AIM OF THE TASK:
Your answer should consist solely of the lines from the one holding "Ova očaravajuća majica" through the final line of the entries, reproduced exactly and without pictures.

* * * * * * * * *

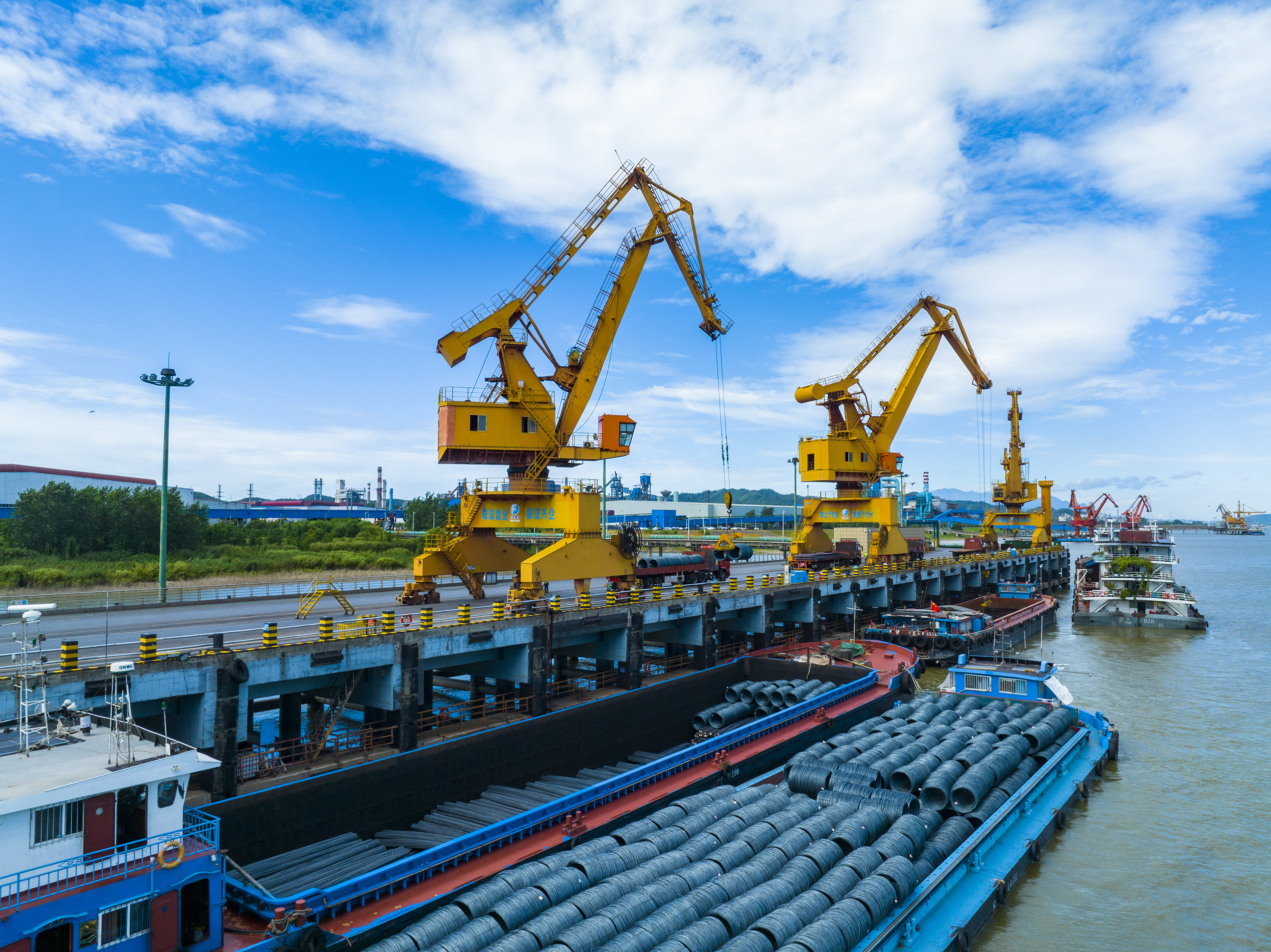 在方大集团九江萍钢钢铁有限公司位于长江边的码头,塔吊在装卸货物。新华社发(张玉摄)
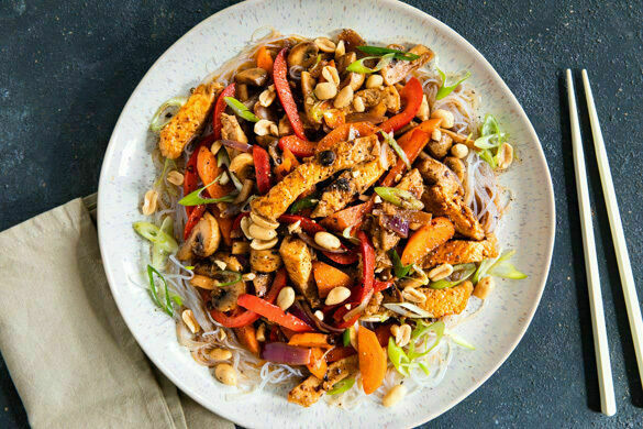 Gutes Essen kann so einfach sein: Wir schnippeln uns eine vernünftige Portion Pilze und frisches Gemüse, braten saftige Schweinefleischstreifen schmackhaft an, würzen mit Soja- und Bohnensauce und servieren diese Köstlichkeit dann auf leichten Glasnudeln. Obendrauf noch ein paar knackige Erdnüsse, und schon ist alles fertig. Einfach, lecker, schnell – besser geht’s nicht!
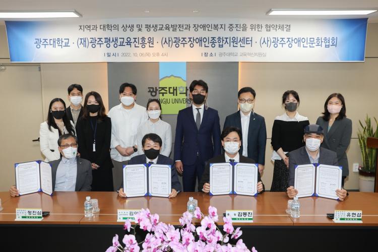 ±¤ÁÖ´ë ÇàÁ¤°ü ±³À°Çõ½ÅÁö¿ø½Ç¿¡¼ Áö³ 6ÀÏ ¿¸° Çù¾àü°á½Ä¿¡´Â ±èµ¿Áø ±¤ÁÖ´ë ÃÑÀå, ±èÀ̰⠱¤ÁÖÆò»ý±³À°ÁøÈï¿øÀå, À¯Çö¼· (»ç)±¤ÁÖ±¤¿ª½ÃÀå¾ÖÀÎÁ¾ÇÕÁö¿ø¼¾ÅÍ »óÀÓÀÌ»ç, Á¤Áø»ï (»ç)±¤ÁÖÀå¾ÖÀι®ÈÇùȸÀåÀ» ºñ·ÔÇØ °¢ ±â°ü °ü°èÀÚµéÀÌ Âü¼®ÇØ ¿·È´Ù.
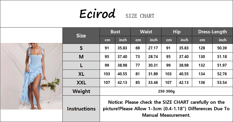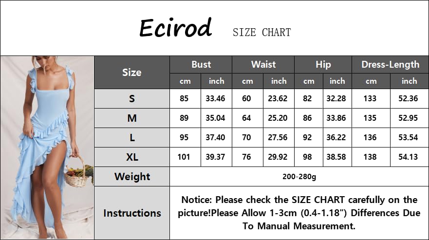 • Feature:Spaghetti strap, sleeveless, square neck, backless, ruffle stitching, solid color, ruched, bodycon slim fitted maxi dress, one side sexy thigh high slit summer maxi dress.
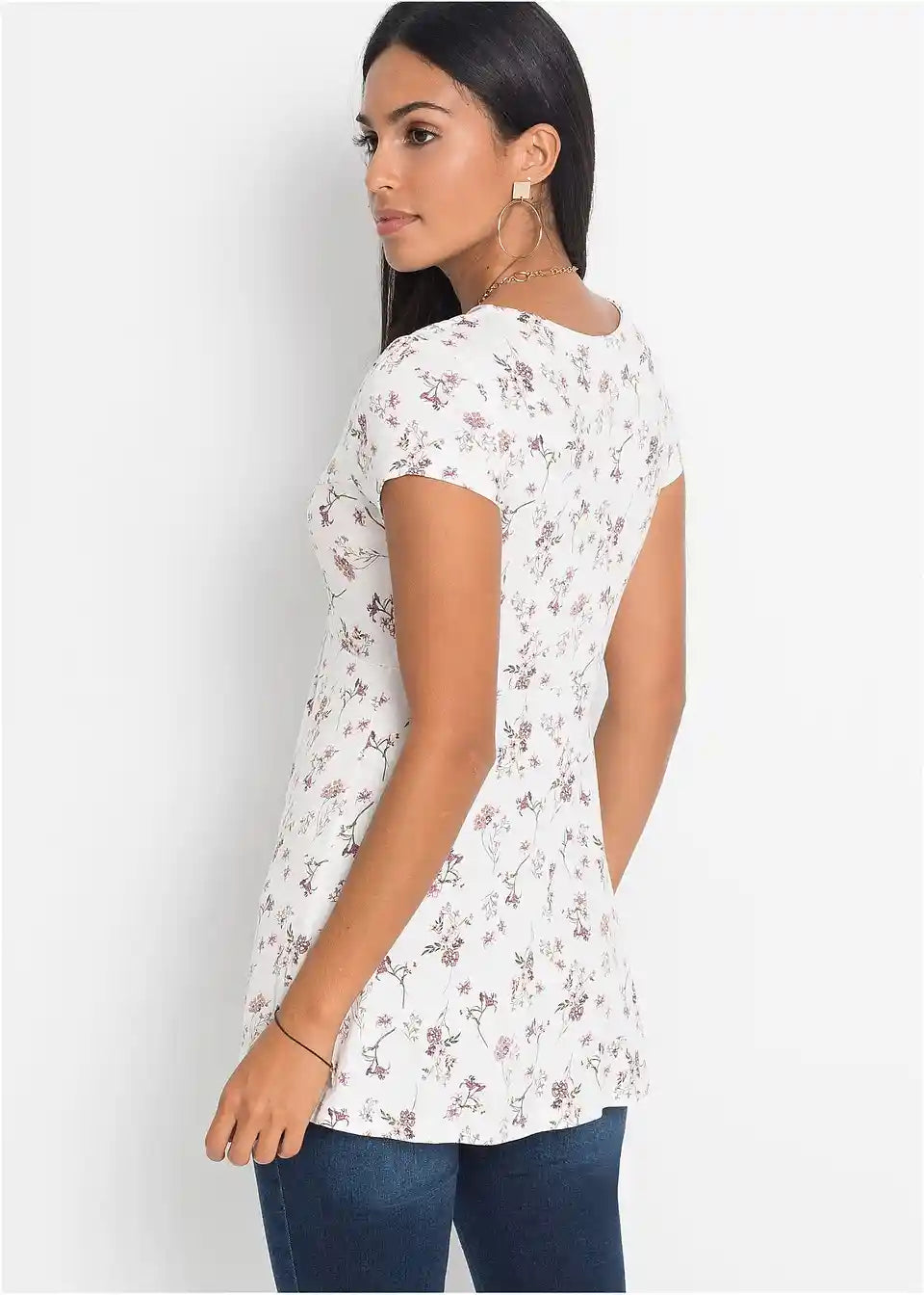 Ova očaravajuća majica apsolutno laska figuri. Duboki V-izrez i čvorasto nabrana tkanina u području grudi naglašavaju dekolte. Ispod grudi mekani materijal koji lagano pada nježno obavija tijelo. U kombinaciji s usko krojenim hlačama ili tajicama, majica iz BODYFLIRT kolekcije uspješno ističe ženstvenost.
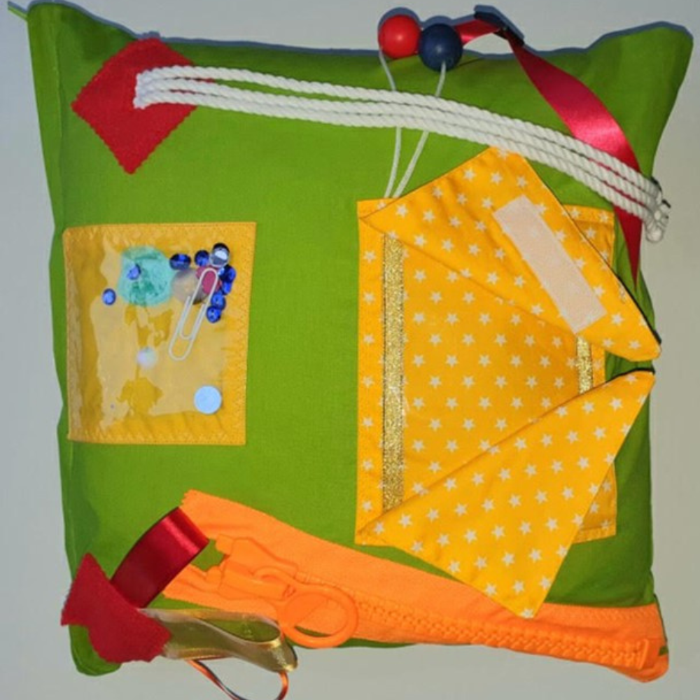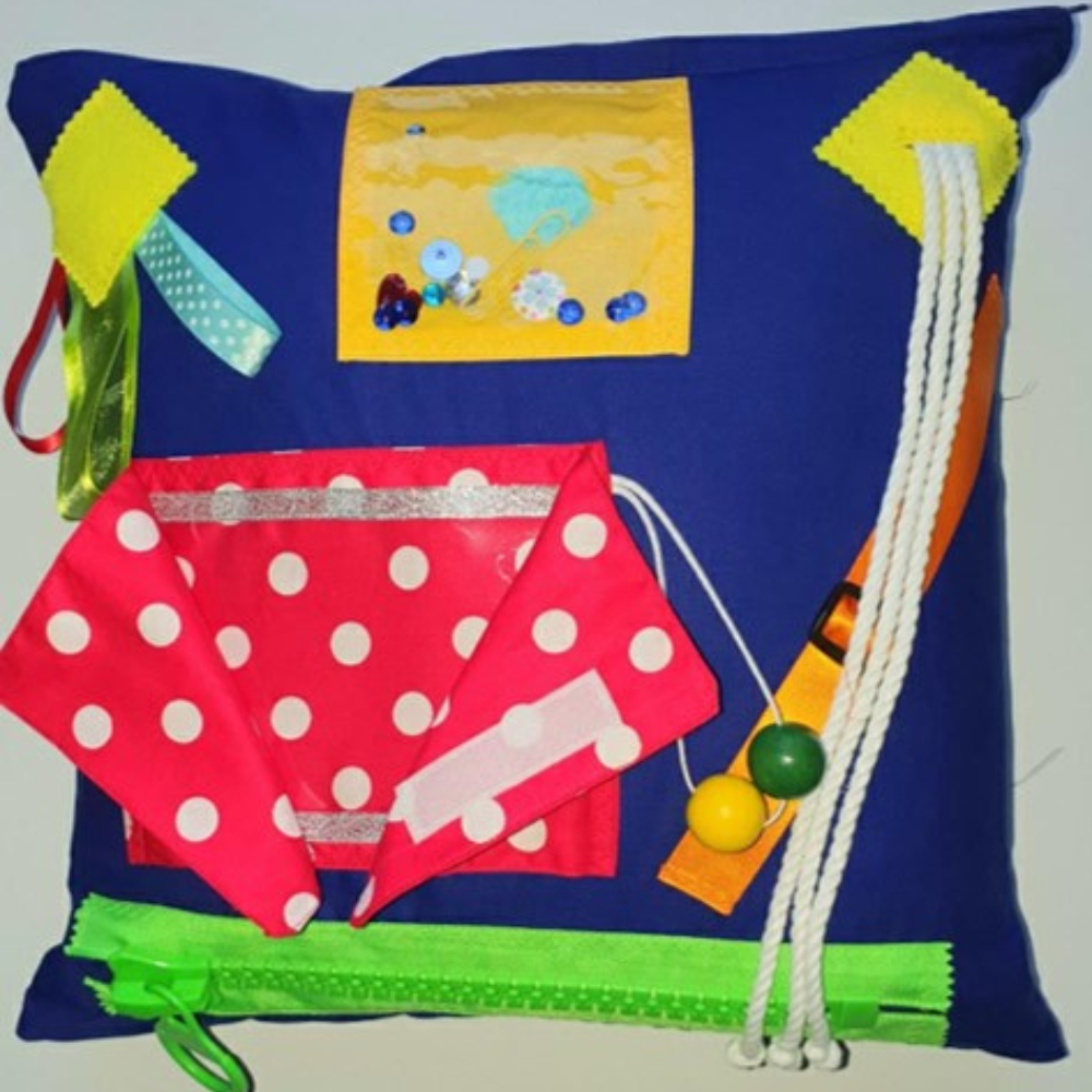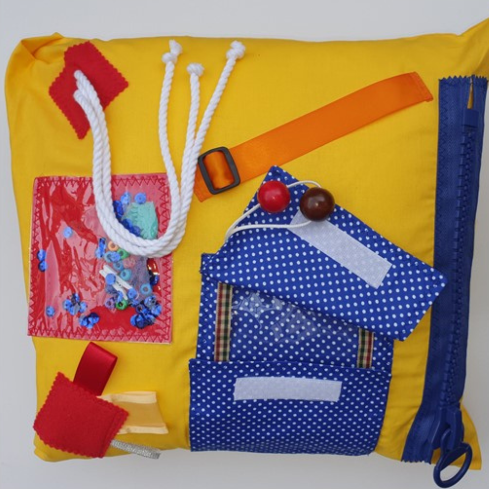 Anyone with fidgety fingers will love this comfy cushion with an assortment of sensory attachments to stroke, thread, twist, move and twiddle with.
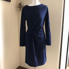 グリーン&ネイビー 幾何学模様 長袖ワンピース
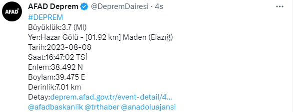 Elazığ'ın Maden ilçesinde AFAD tarafından yapılan açıklamaya göre, bugün saat 18.47'de 3,7 büyüklüğünde bir deprem yaşandı. Depremin merkez üssü yerin 7.01 kilometre derinliğinde kaydedildi.
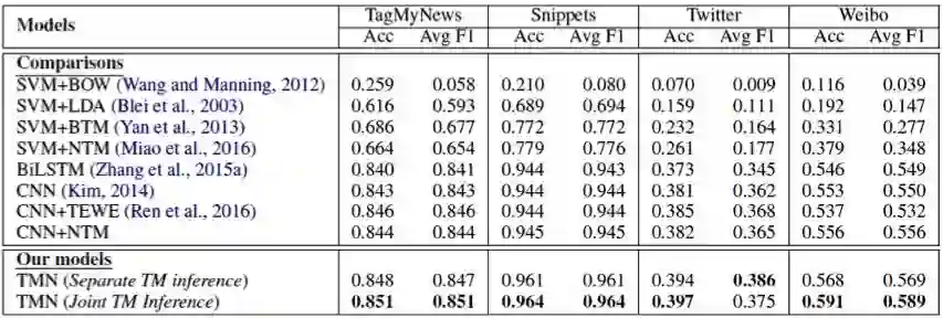 表 3:主题记忆网络与比较模型的实验结果。TMN 表示主题记忆网络:TMN (Separate TM inference) 表示先预训练好神经主题模型,之后把其输出的主题表示初始化主题记忆机制来进行文本分类。TMN (Joint TM inference) 表示神经主题模型与文本分类联合训练。两个版本的主题记忆网络的结果显著高于所有的比较模型(p<0.05 paired t-test)。

* * * * * * * * *

SOLUTION TO THIS TASK:
 Ova očaravajuća majica apsolutno laska figuri. Duboki V-izrez i čvorasto nabrana tkanina u području grudi naglašavaju dekolte. Ispod grudi mekani materijal koji lagano pada nježno obavija tijelo. U kombinaciji s usko krojenim hlačama ili tajicama, majica iz BODYFLIRT kolekcije uspješno ističe ženstvenost.
 Anyone with fidgety fingers will love this comfy cushion with an assortment of sensory attachments to stroke, thread, twist, move and twiddle with.
 グリーン&ネイビー 幾何学模様 長袖ワンピース
 Elazığ'ın Maden ilçesinde AFAD tarafından yapılan açıklamaya göre, bugün saat 18.47'de 3,7 büyüklüğünde bir deprem yaşandı. Depremin merkez üssü yerin 7.01 kilometre derinliğinde kaydedildi.
 表 3:主题记忆网络与比较模型的实验结果。TMN 表示主题记忆网络:TMN (Separate TM inference) 表示先预训练好神经主题模型,之后把其输出的主题表示初始化主题记忆机制来进行文本分类。TMN (Joint TM inference) 表示神经主题模型与文本分类联合训练。两个版本的主题记忆网络的结果显著高于所有的比较模型(p<0.05 paired t-test)。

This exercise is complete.